··· DATA SUPPLIED ···

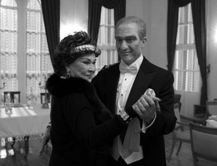 SÜMER EZGÜ ATATÜRK'E NASIL BENZEDİ? İlk defa "Gel 10 Silicone" yöntemi 2 Atatürk maskesi yapıldı ve Atatürk'ü canlandıran Sümer Ezgü'nün makyajı yaklaşık 5 saat sürdü. SON BALO Atatürk'ün 1938 yılında baloda giydiği orijinal kıyafetler de Bursa Osman Gazi Kız Olgunlaşma Enstitüsü tarafından hazırlandı. Belgeselin çekimleri Atatürk'ün vefatından önce katıldığı "Son balo"nun olduğu Bursa tarihi belediye sarayında yapıldı.AA
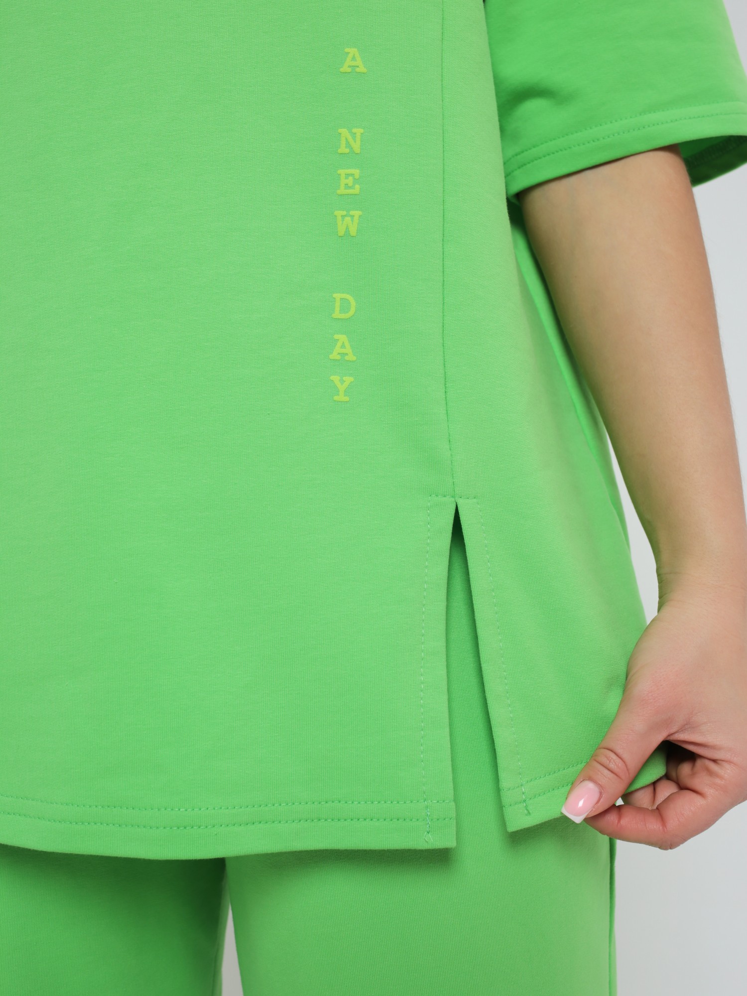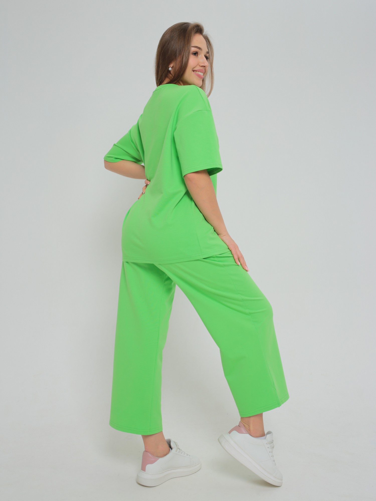 Костюм молодежный из гладкокрашеного трикотажного полотна «футер-двунитка», состоящий из футболки и брюк-кюлотов.
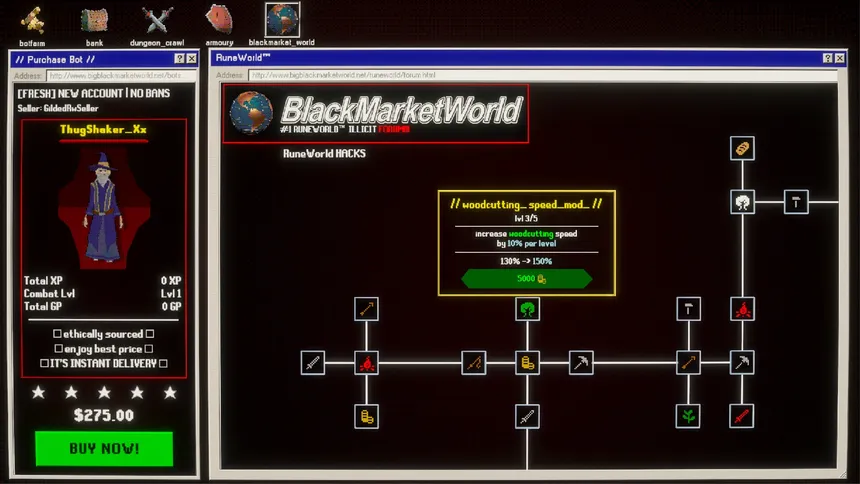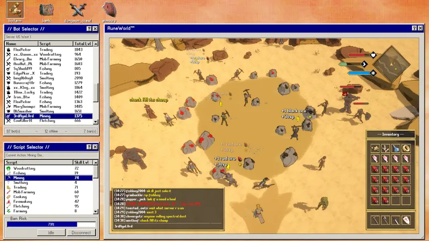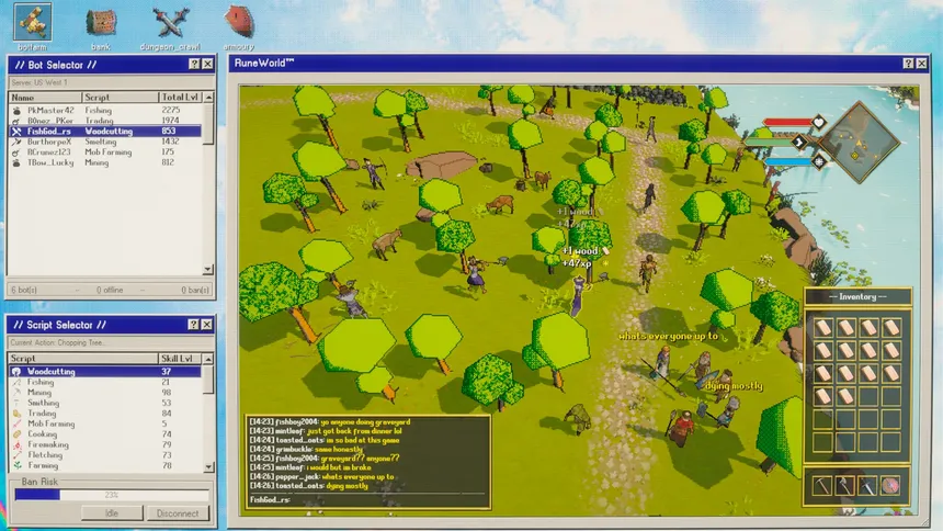 A game about running a botfarm on an oldschool MMO to gather and sell resources, level up your bots, and clear dungeons to find loot.
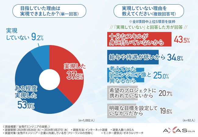 『実現した(37.8%)』『ある程度実現した(53.0%)』と答えた方が9割を超える結果となりました。「Q:ITエンジニアを目指した理由を教えてください」の回答とあわせて考察すると、多くの方がITエンジニアという職業の安定性・成長性を実感していると見受けられます。
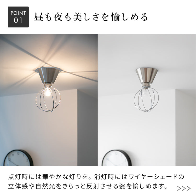 点灯時には華やかな灯りを。消灯時にはワイヤーシェードの立体感や自然光をきらっと反射させ、昼も夜も美しい佇まいを愉しめます。

···

REQUIRED WORK |
Please reproduce the listing exactly from its opening line through the line that contains "A game about", both included, with all pictures omitted.

WRITTEN ANSWER |
 SÜMER EZGÜ ATATÜRK'E NASIL BENZEDİ? İlk defa "Gel 10 Silicone" yöntemi 2 Atatürk maskesi yapıldı ve Atatürk'ü canlandıran Sümer Ezgü'nün makyajı yaklaşık 5 saat sürdü. SON BALO Atatürk'ün 1938 yılında baloda giydiği orijinal kıyafetler de Bursa Osman Gazi Kız Olgunlaşma Enstitüsü tarafından hazırlandı. Belgeselin çekimleri Atatürk'ün vefatından önce katıldığı "Son balo"nun olduğu Bursa tarihi belediye sarayında yapıldı.AA
 Костюм молодежный из гладкокрашеного трикотажного полотна «футер-двунитка», состоящий из футболки и брюк-кюлотов.
 A game about running a botfarm on an oldschool MMO to gather and sell resources, level up your bots, and clear dungeons to find loot.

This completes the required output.